The alarm blared beside me, my eyes already open and staring at the ceiling. Sleep had been light and fleeting, dreaming nonexistent--I hadn't moved in nearly seven hours. Staring at the ceiling again, listening to the streets awaken below me, I hear the noises of a people naieve to the kind of work I do; the kind of work I am forced to do. Sounds become like muffled, slow-moted gurgles which my head hears only second to clicks and grinds; I am trained to hear the unheard. I pretend to be a part of this world.
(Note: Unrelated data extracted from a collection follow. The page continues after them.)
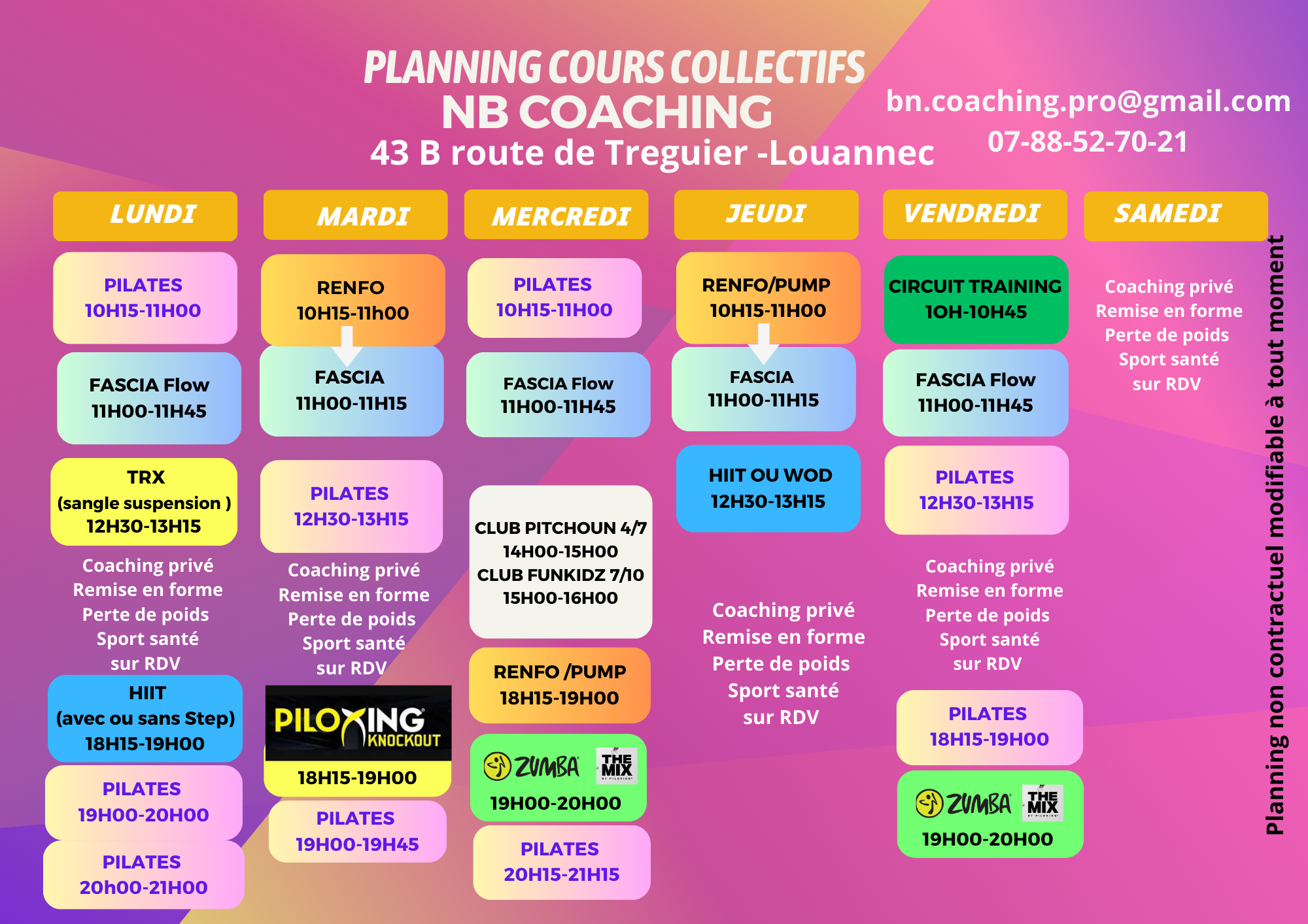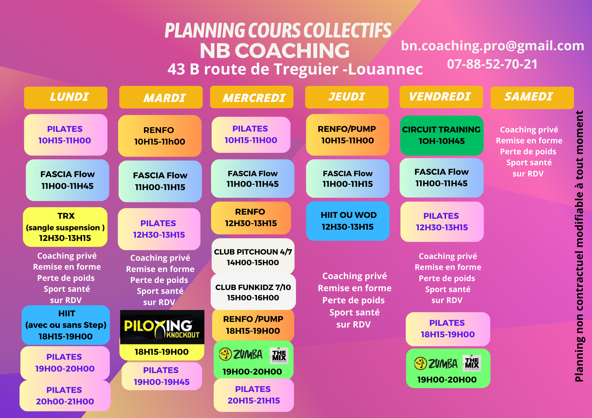 Découvrez le programme des cours collectifs proposés par NB Coaching.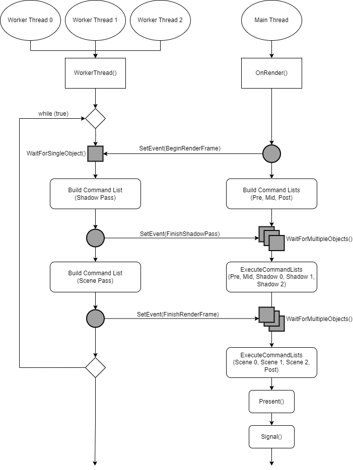 이제 Shadow Pass를 위한 작업들을 완료하고 Scene Pass로 넘어갈 준비가 되었으므로 모든 쓰레드가 Shadow Pass에서 사용할 Command List를 만들 때까지 기다린다.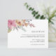 Elegant floral wedding reception card in muted tones of pink, peach and sage greens features a watercolor floral peony bouquet at the upper left corner, with your reception details in classic off black lettering. Personalize with your wedding reception details including timing, venue, address and any additional information like transportation or parking.

My memories are unobscured by the fogginess of misinterpretation. I see the past as clearly as I do the now. I see fallen men as if they were beside me in my own bed. I see their funerals. I see it all as a play, staged to satiate the need for answers and an end, but the end never comes.
I am an extension of a unit which lashes out violently against the violent, we fight fire with fire. My fire is artificial, created for the needs of someone I don't know, and now am numb to caring about. Perhaps I was bred. Perhaps we are all bred.
I manage to roll my eyes to the left, then my head, and I feel the future heat of the pavement rising and blowing in my window. Another day resumes, but it is no different from when I woke up yesterday, or when I will go to sleep tonight. I will resume what is called my life today. Only I don't know if I'll return to this bed tonight. I can only hope for that.